▸ Exercise data:
-=-=-=-=-

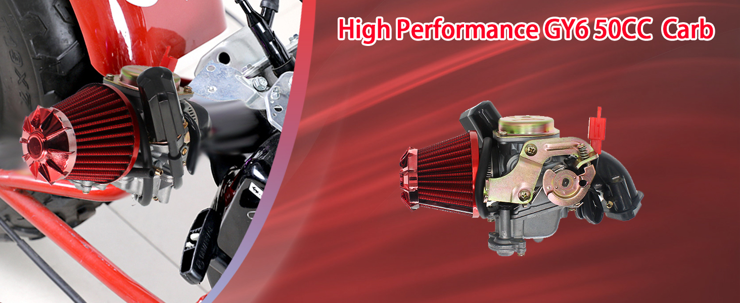 【مادة متينة】مكربن GY6 مصنوع من مادة ألومنيوم عالية الجودة، ومتين للاستخدام لفترة طويلة. مع هذا المكربن عالي الجودة، يمكنك توقع تسارع محسّن واستجابة الخانق والأداء العام لمحرك GY6 50CC الخاص بك.
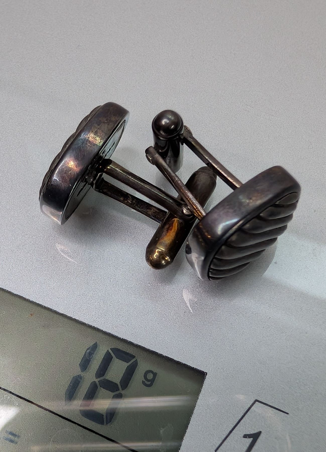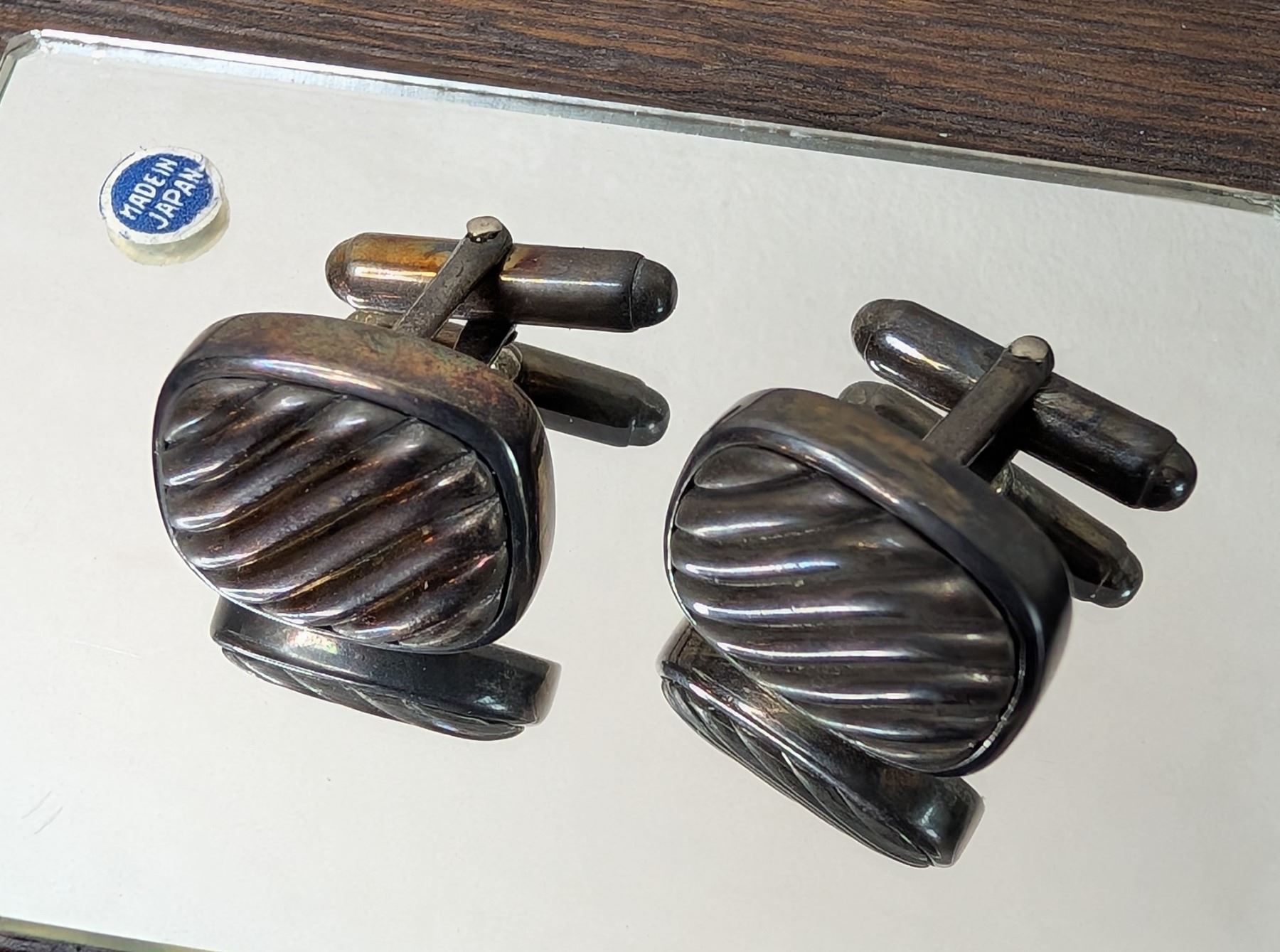 David Yurman Sculpted elongated cushion shaped SS/14K Cufflinks *polishing needed
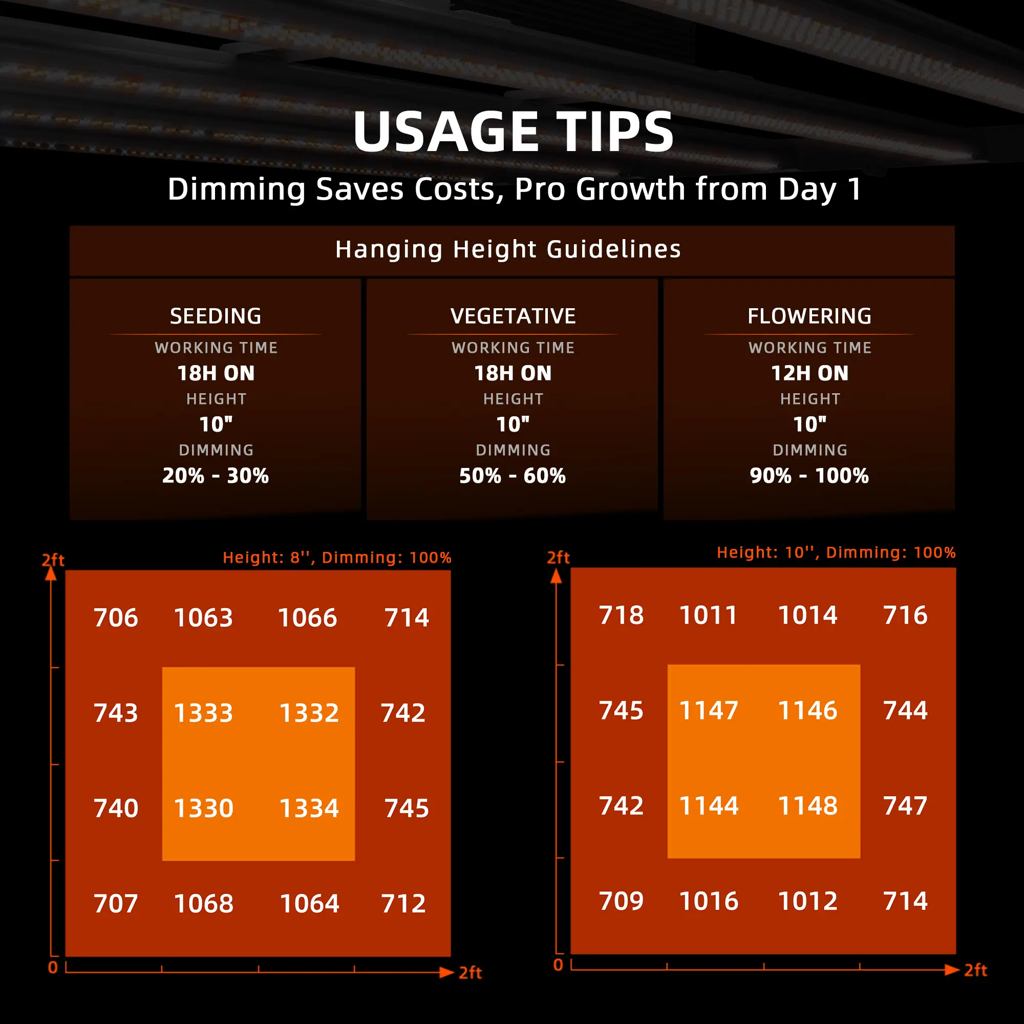 Die Bridgelux LEDs aus den USA sorgen für hohe Lichtdichte, gleichmäßige Abdeckung und tiefere Lichtpenetration. Mit dem barförmigen Design wird die Wärme besser verteilt, Hotspots werden vermieden und Deine Pflanzen erhalten in jeder Ecke gleichmäßiges Licht – perfekt für 2×2 ft (60×60 cm) bis 3×3 ft (90×90 cm) Flächen.
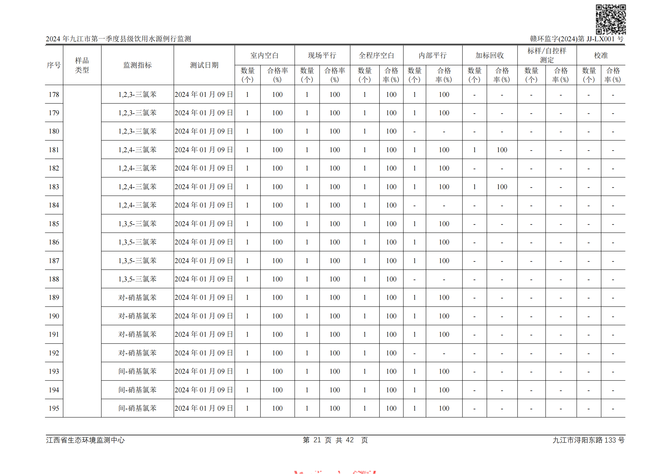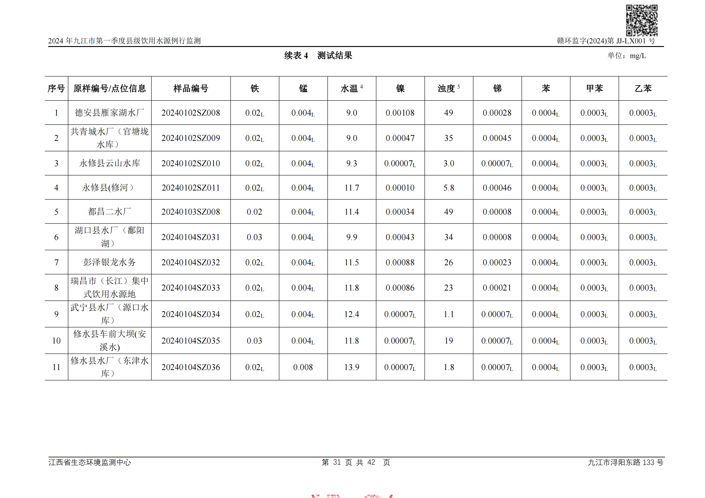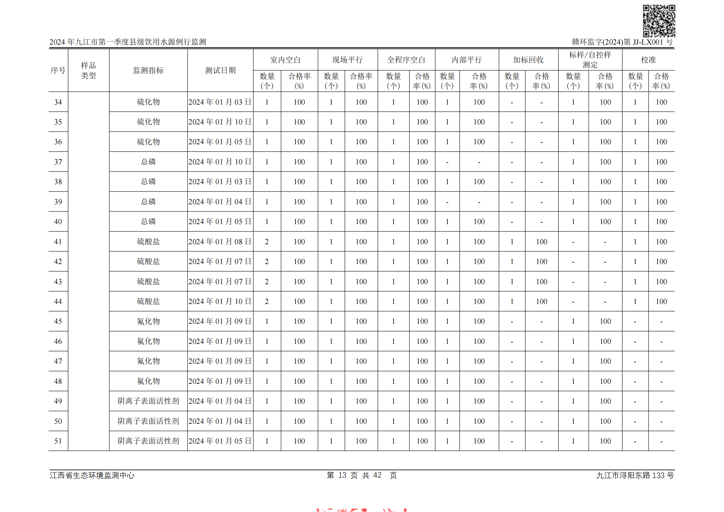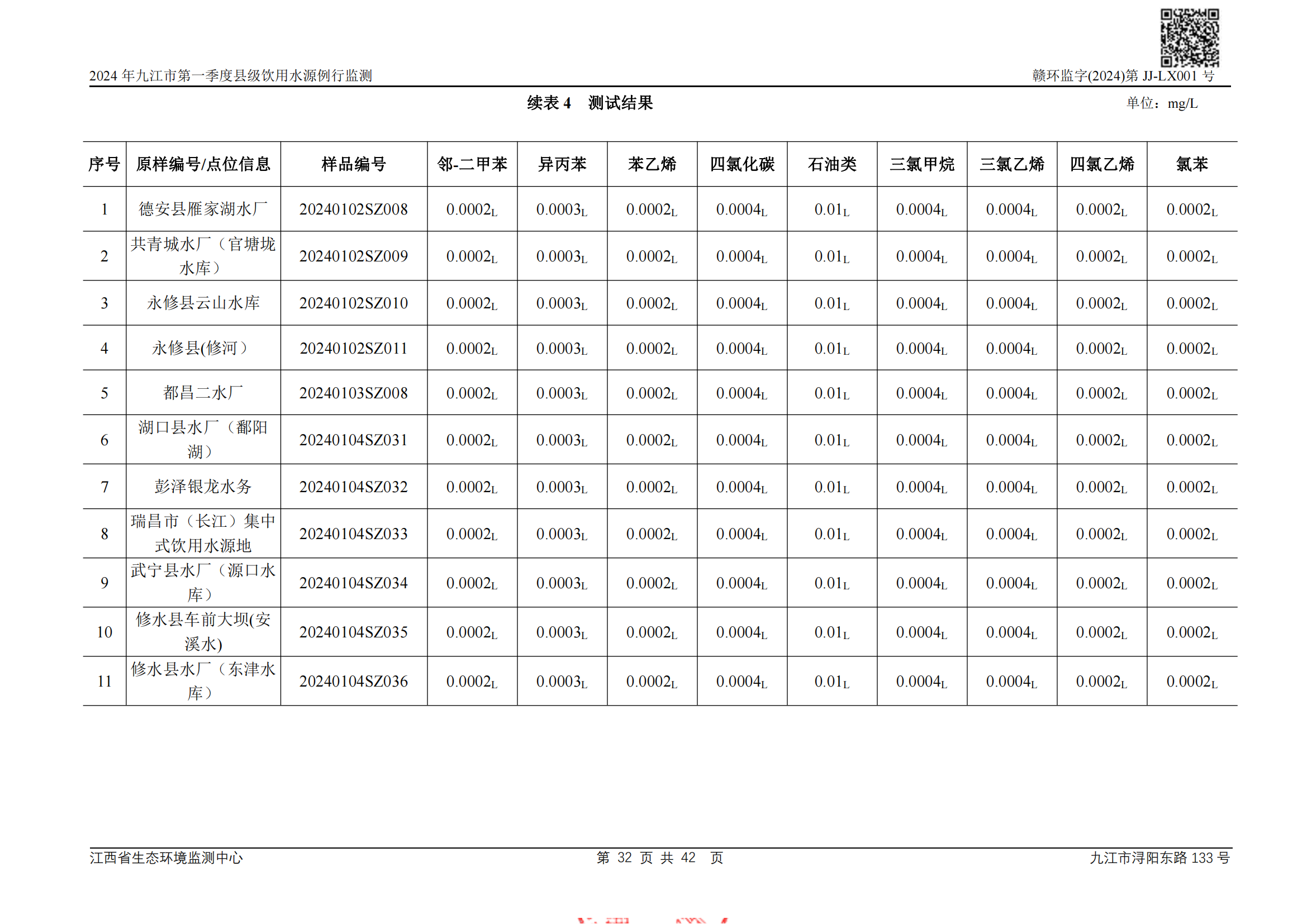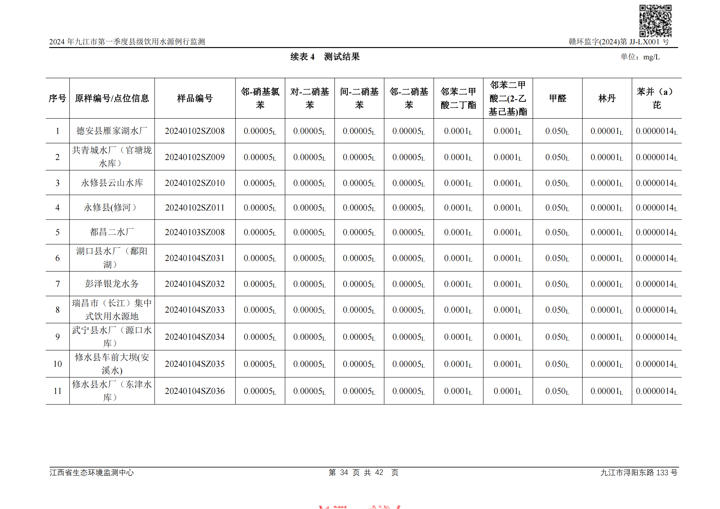 2024年九江市第一季度县级饮用水源例行监测监测报告

-=-=-=-=-

▸ How to complete this task:
Each line from the one that holds "Die Bridgelux LEDs" through the end of the material should be repeated exactly, and nothing more. Leave out any picture.

▸ Your response:
 Die Bridgelux LEDs aus den USA sorgen für hohe Lichtdichte, gleichmäßige Abdeckung und tiefere Lichtpenetration. Mit dem barförmigen Design wird die Wärme besser verteilt, Hotspots werden vermieden und Deine Pflanzen erhalten in jeder Ecke gleichmäßiges Licht – perfekt für 2×2 ft (60×60 cm) bis 3×3 ft (90×90 cm) Flächen.
 2024年九江市第一季度县级饮用水源例行监测监测报告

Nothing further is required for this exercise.